Records provided:
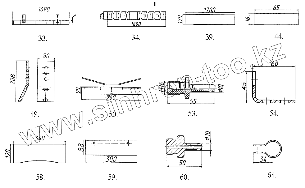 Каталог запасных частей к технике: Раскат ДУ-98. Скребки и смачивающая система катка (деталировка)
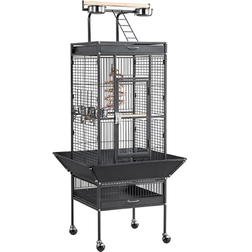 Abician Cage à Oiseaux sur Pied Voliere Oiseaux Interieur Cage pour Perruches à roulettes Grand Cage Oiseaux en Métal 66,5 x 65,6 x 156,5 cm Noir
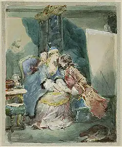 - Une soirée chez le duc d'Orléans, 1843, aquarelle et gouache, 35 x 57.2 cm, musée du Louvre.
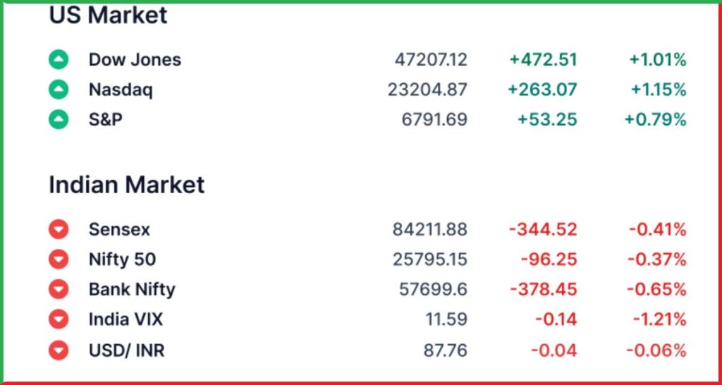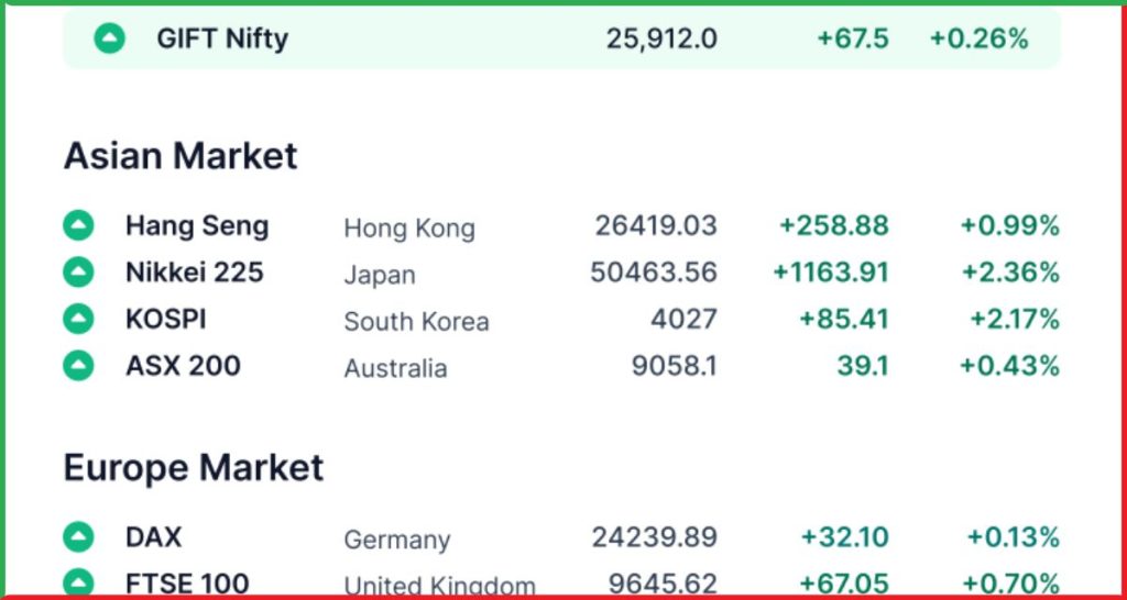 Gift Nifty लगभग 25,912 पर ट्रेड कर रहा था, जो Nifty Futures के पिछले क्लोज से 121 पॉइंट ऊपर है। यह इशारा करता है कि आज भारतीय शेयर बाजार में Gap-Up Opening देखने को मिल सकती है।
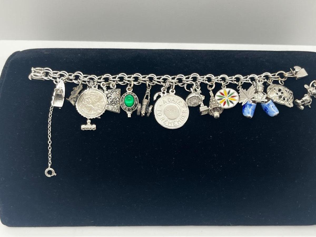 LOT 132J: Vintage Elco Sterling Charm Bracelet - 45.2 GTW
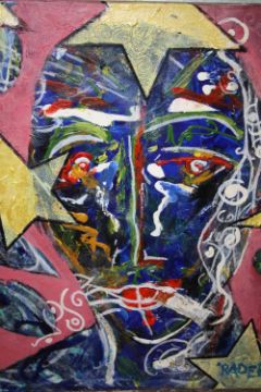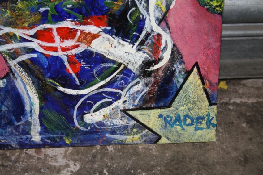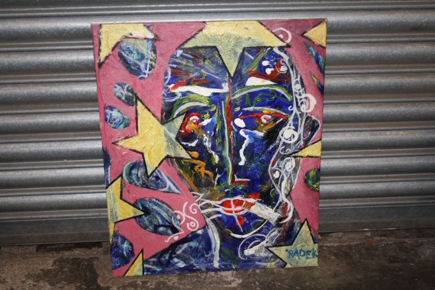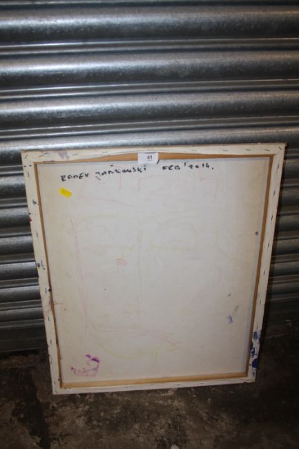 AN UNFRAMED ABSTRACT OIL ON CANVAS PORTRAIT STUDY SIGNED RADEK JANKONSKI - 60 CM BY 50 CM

Requirement:
The answer consists solely of the lines from the one holding "LOT 132J: Vintage" through the last line of the entries above, set down verbatim, without any pictures.

Answer section:
 LOT 132J: Vintage Elco Sterling Charm Bracelet - 45.2 GTW
 AN UNFRAMED ABSTRACT OIL ON CANVAS PORTRAIT STUDY SIGNED RADEK JANKONSKI - 60 CM BY 50 CM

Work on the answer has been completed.